A light-weight date picker with zero dependencies.
- Zero dependencies
- Roughly 3.5KB minified and gzipped
- IE9+
- Mobile-friendly/responsive
- Supports multiple languages
npm install --save tiny-date-picker
Include a reference to tiny-date-picker.css
and tiny-date-picker.js
, or import
it import TinyDatePicker from 'tiny-date-picker';
then call it like this:
// Initialize a date picker on the specified input element
TinyDatePicker(document.querySelector('input'));
// Or with a CSS selector
TinyDatePicker('.some-class-or-id-or-whatever');
You can also pass in options as an optional second argument:
// Initialize a date picker using truncated month names
TinyDatePicker(document.querySelector('input'), {
lang: {
months: ['Jan', 'Feb', 'Mar', 'Apr', 'May', 'Jun', 'Jul', 'Aug', 'Sep', 'Oct', 'Nov', 'Dec'],
},
});
The DatePicker context is returned from the TinyDatePicker
function, and can be used to
manipulate the date picker as documented below:
// Initialize a date picker on the specified input element
const dp = TinyDatePicker('input');
// Show the date picker
dp.open();
// Hide the date picker (does nothing if the date picker is in permanent mode)
dp.close();
// Get the current view of the date picker. Possible values are:
// - 'day': The calendar is showing the day picker (the default)

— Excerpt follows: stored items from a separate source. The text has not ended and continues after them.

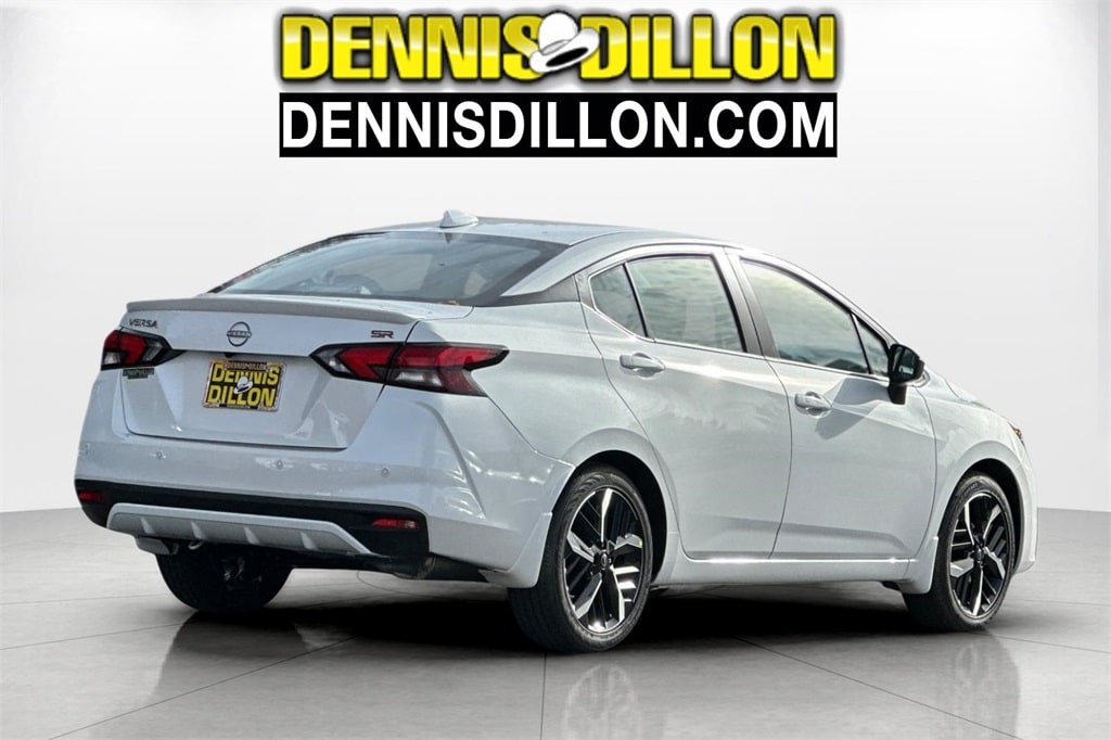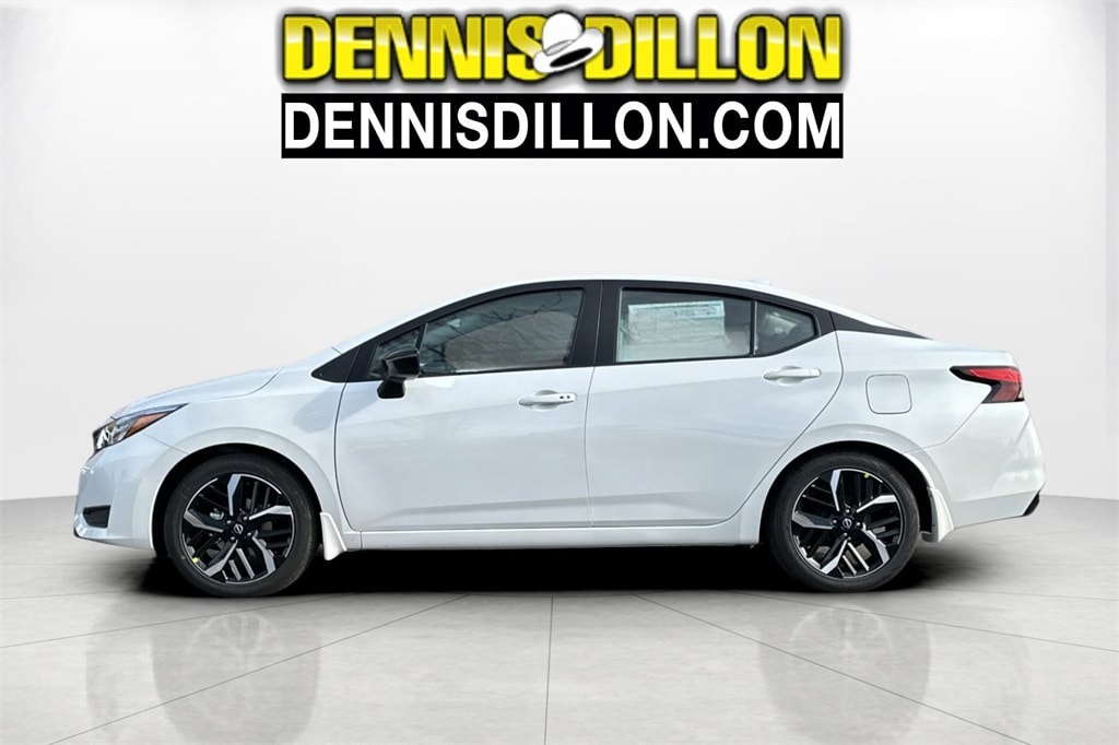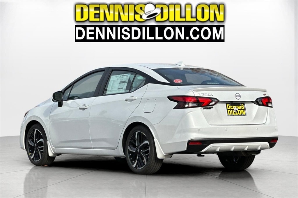 Aspen White Tricoat 2025 Nissan Versa 1.6 SR 4D Sedan FWD CVT 1.6L I4 DOHC 16V 17" Aluminum Alloy Wheels, 6 Speakers, ABS brakes, Air Conditioning, Alloy wheels, AM/FM radio: SiriusXM, Apple CarPlay/Android Auto, Auto High-beam Headlights, Automatic temperature control, Blind Spot Warning, Brake assist, Bumpers: body-color, Carpeted Floor Mats & Trunk Mat (5-Piece Set), Delay-off headlights, Driver door bin, Driver vanity mirror, Dual front impact airbags, Dual front side impact airbags, Electronic Stability Control, Emergency communication system, Front anti-roll bar, Front Bucket Seats, Front Center Armrest, Front reading lights, Front wheel independent suspension, Fully automatic headlights, Heated door mirrors, Heated Front Bucket Seats, Heated front seats, Illuminated entry, Knee airbag, Leather steering wheel, Low tire pressure warning, Occupant sensing airbag, Outside temperature display, Overhead airbag, Panic alarm, Passenger door bin, Passenger vanity mirror, Power door mirrors, Power steering, Power windows, Premium Paint, Radio data system, Radio: AM/FM Audio System, Rear Parking Sensors, Rear side impact airbag, Rear window defroster, Remote keyless entry, Shopping Bag Hooks, Speed control, Splash Guards, Split folding rear seat, Spoiler, SR Fabric Seat Trim, Steering wheel mounted audio controls, Tachometer, Telescoping steering wheel, Tilt steering wheel, Traction control, Trip computer, Trunk Net, Trunk Package, Turn signal indicator mirrors, Variably intermittent wipers.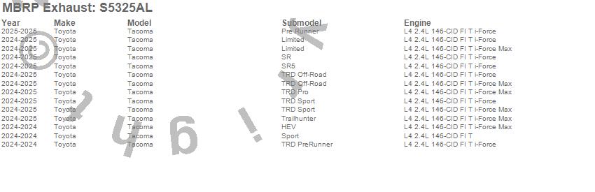 Below is an abbreviated list of applications for the Armor Lite Cat Back Exhaust System.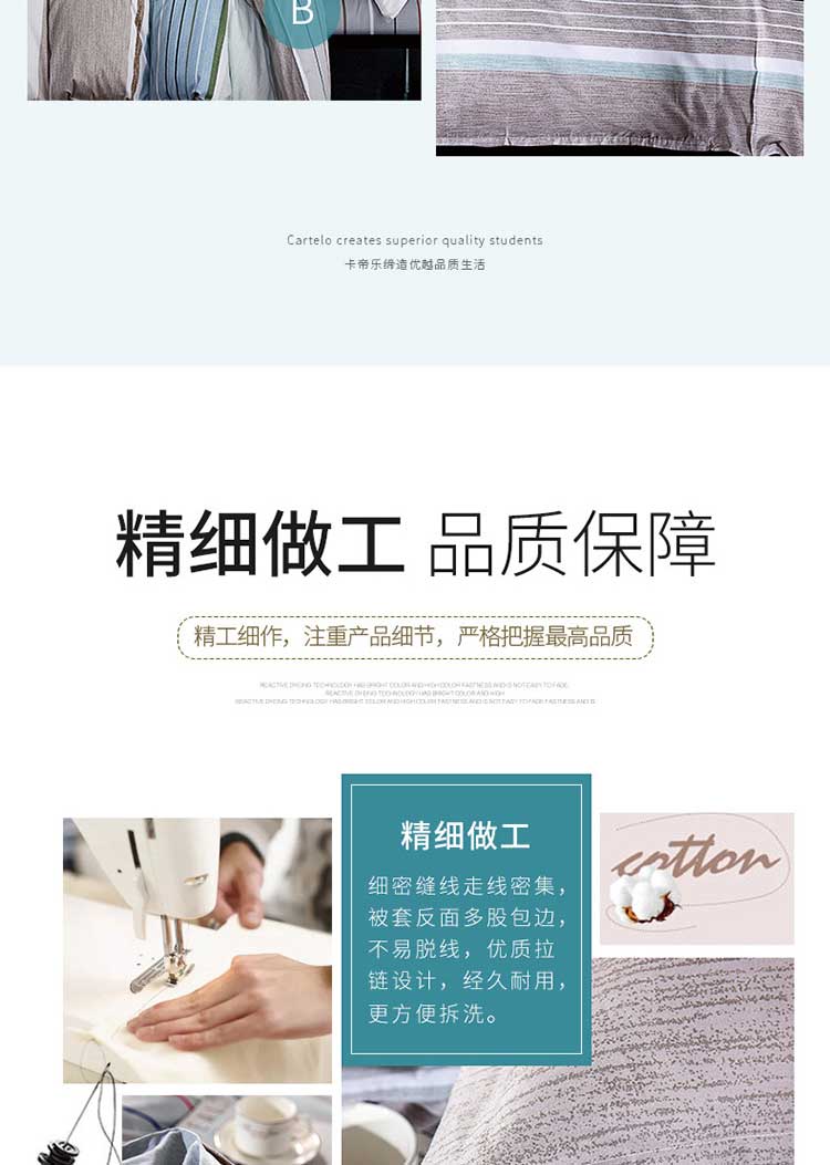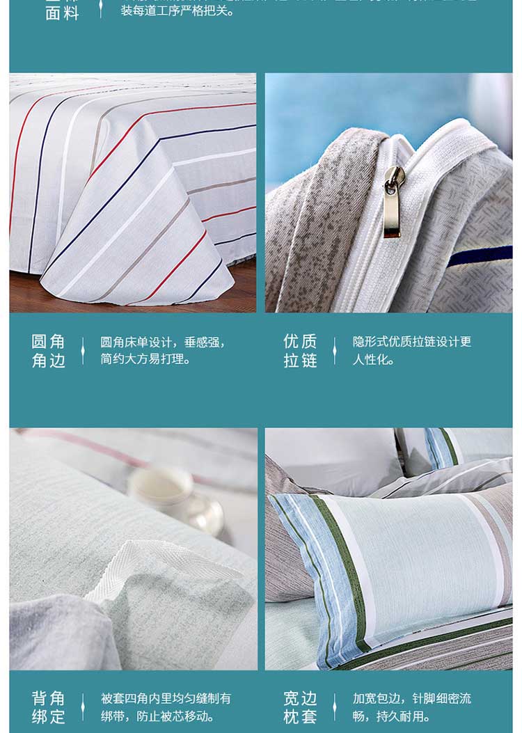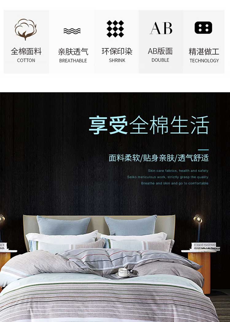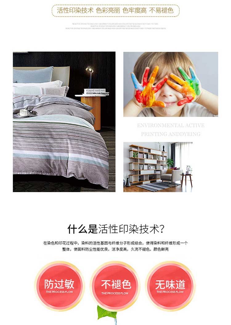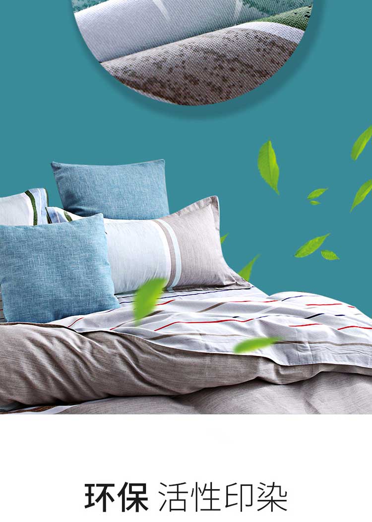产品规格: 被套:200*230cm 床单: 230*230cm 枕套:48*74cm*2 产品材质: 棉100% 工 艺:活性印染 包装尺寸: 38*29.5*7cm 外箱尺寸: 40*33.5*65cm 毛重净重:2.3kg/1.8kg 装 箱 数: 8套 ◆ 亲肤面料,安全健康; ◆ 透气排汗,保暖性好,牢牢锁住温度; ◆ 精细做工,严格把握品质; ◆ 活性印染工艺,色牢度高,不易缩水; ◆ 十字绑带和菱形卡纸,更添尊贵与大气。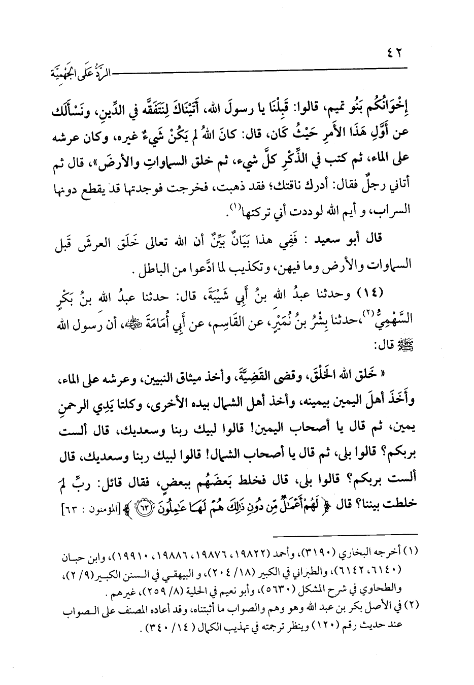 إِخْوَانُكُم بَنُو تميم، قالوا: قَبِلْنَا يا رسولَ الله، أَتَيْنَاكَ لِنَتَفَقَّه في الدِّينِ، ونَسْأَلَك عن أَوَّلِ هَذَا الأَمرِ حَيْثُ كَان، قال: كانَ اللهُ لم يَكُنْ شَيءٌ غيره، وكان عرشه على الماء، ثم كتب في الذِّكْرِ كلَّ شيء، ثم خلق السماواتِ والأرضَ»، قال ثم أتاني رجلٌ فقال: أدرك ناقتك؛ فقد ذهبت، فخرجت فوجدتها قد يقطع دونها السراب، وأيم الله لوددت أني تركتها (¬1).
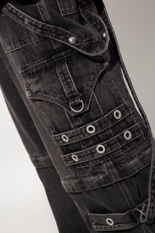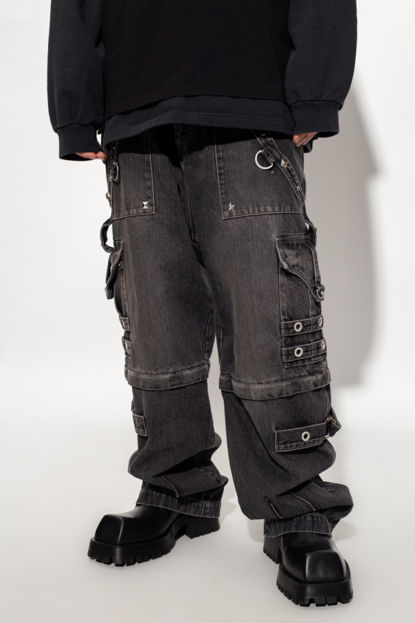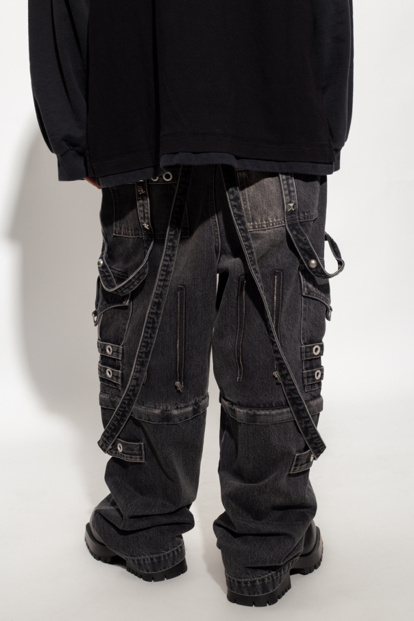 Grey baggy jeans from Balenciaga. Made of organic cotton from Japan, this pair features a button and zip closure, studs and metal elements in silver-tone, two detachable shoulder straps, four slip pockets, two flap pockets, zips for an adjustable fit and detachable legs. Can also be worn as shorts.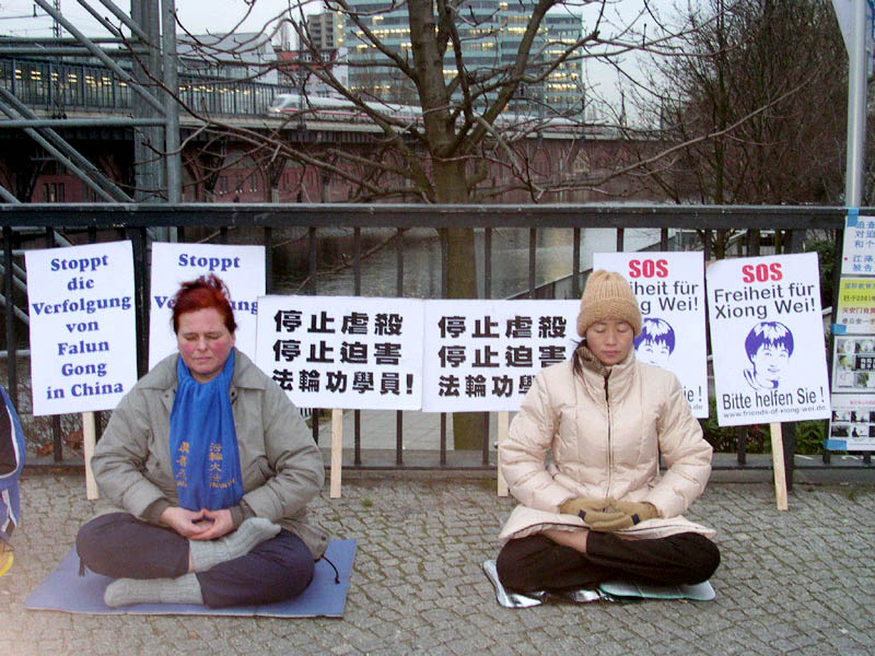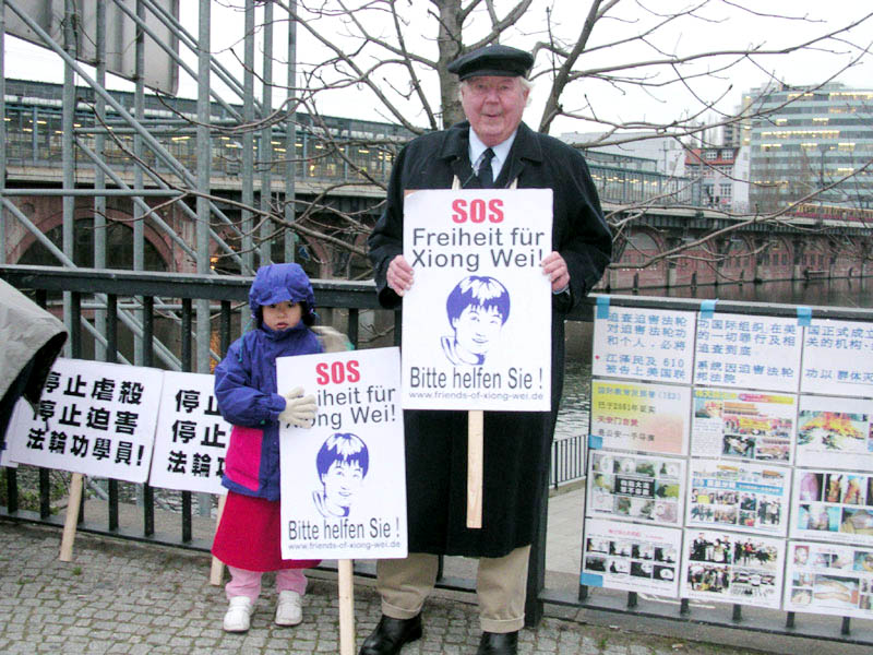 我们放着为熊伟创作的歌,向过往行人分发了大量呼吁释放熊伟的明信片,许多人给予我们关注和支持。两个路人当即表示,要给外交部和联邦总理写信。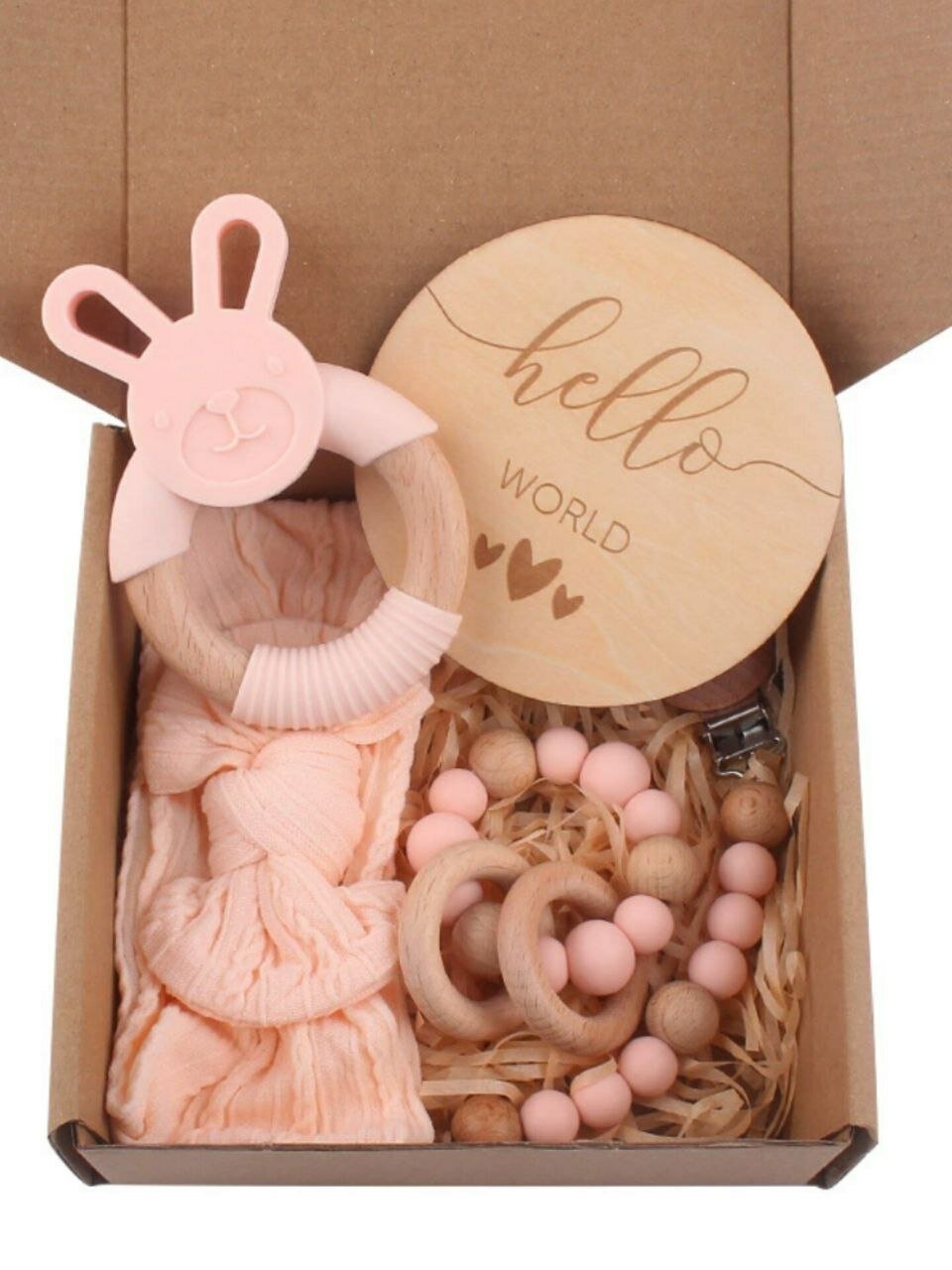 | Комплектация | Повязка на голову, деревянный держатель для соски, прорезыватель деревянный с силиконовым зайчиком, погремушка из деревянных бус и колечек, деревянная табличка "Hello world" |

// - 'month': The calendar is showing the month picker
// - 'year': The calendar is showing the year picker
dp.state.view;
// Get the currently selected date (can be null)
dp.state.selectedDate;
// Get the currently hilighted date (should not be null)
dp.state.hilightedDate;
// Add an event handler
dp.on('statechange', (_, picker) => console.log(picker.state));
// Remove all event handlers (see the Events section for more information)
dp.off();
// Update the date picker's state and redraw as necessary.
// This example causes the date picker to show the month-picker view.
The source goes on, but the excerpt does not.